Thinking Ahead
The Microsoft Case
Joel Klein, the assistant attorney general in charge of the Antitrust Division of the Justice Department, handled the case against Microsoft Corp. He spoke recently to National Journal Group reporters about the impact of the case and the issues it raised for the Justice Department and for government.
On how the Microsoft case affected the Justice Department: In terms of the overall department resources, [not much]. I forget the numbers, but we have a budget of around $100 million, so over three years it's $300 million. I would expect Microsoft, certainly, in that three years would be $5 [million] to $6 million. My own time, I would say, probably in the past three years, [was a] maximum of 10 percent.
On whether winning will reduce the division's workload: I don't expect we'll be able to cut our budget for two principal reasons: Whatever happens in the market, I don't see a significant abatement of merger activity and at least for the next several years, I expect our criminal cartel enforcement program, which is extraordinary, is going to have to go forward. We have a budget of $110 million, and last year we brought in to the Treasury just in criminal fines somewhere in the neighborhood of $1.1 billion.
On how the 2000 election will affect antitrust enforcement: You never know what is going to happen in a new administration, but I believe pretty strongly in the kind of continuity and commitment to law enforcement in the Department of Justice. I am quick to point out that the original AT&T case was brought by the Nixon administration. It was prosecuted strongly by the Carter administration. It was settled with insistence on the structural remedy by the Reagan administration over great political objection inside that administration. The Secretary of Defense and the Secretary of Commerce were publicly identified as going out and opposing the suit and trying to insist that it be dropped. So I have a pretty strong conviction that the roots of law enforcement are remarkably well planted in the Justice Department, and we'll see continuity of law enforcement.
On public opposition to prosecuting Microsoft: The one thing I'm absolutely certain of is if you polled all Americans, they wouldn't want law enforcement to be done on the basis of polls.
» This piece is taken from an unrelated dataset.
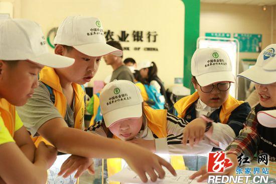 孩子们的神秘任务如火如荼,神秘任务极其丰富,分别在永定支行的三个网点展开,文昌阁支行的“农行网点功能分区线索卡”任务,到达网点的小朋友由大堂经理带领小朋友依次参观自助服务区、超级柜台区、营业网点休息区、现金区、非现金区、理财经理室、贵宾区等功能分区,展现农行注重人性化的布局。然后让小朋友比照网点的线索图,将各个功能区标注出来,标注正确方可获得银行卡的密码。农行回龙路支行的“扫码关注”农行微信银行公众号一展小朋友的风采,孩子们一改往日家长保护下的羞涩,勇敢又有礼貌的向农行大厅的客户交流推广,并邀请客户关注“便民微服务,惠民乐生活”农行微信公众号。农行商业城支行的“卷硬币”任务也是别出心裁,深得小朋友喜爱,“小小银行家们”认真地学习银行柜员技能,手工用纸将硬币包装起来,从刚开始生疏捏不住到卷的有模有样,成功地获得了银行卡密码。孩子们捧着银行卡来到自助取款机前,工作人员手把手教孩子们取款,取完钱又去柜台换取零钱,小朋友非常自豪地说:“我也是农行的小客户了!”。获得启动资金后,孩子们踏上了新的征程。

It's not a business that we can be in. I do think it wouldn't surprise anybody if you looked back at the polls during the time of the AT&T [divestiture]; I think the numbers were probably much stronger negatively.
On cynicism about government: Let me tell you one story. I am up at MIT teaching a whole bunch of computer science students on the role of government and technology . . . and 40 minutes into it, a student raises his hand and says, "I don't get it," and I said, "What's that?" He said, "You seem to be bright. How can you be with the government?"
I really worry about people not understanding that as important as dot.coms are and the excitement of the private sector right now, there used to be a time when government service fit into a higher calling. Students [often say] that government is corrupt, government doesn't do anything. That can become a self-fulfilling prophecy. If you have a great market-based economy, deciding some of the [technology] issues-the digital divide issues worry me enormously-[is] going to require the best and the brightest.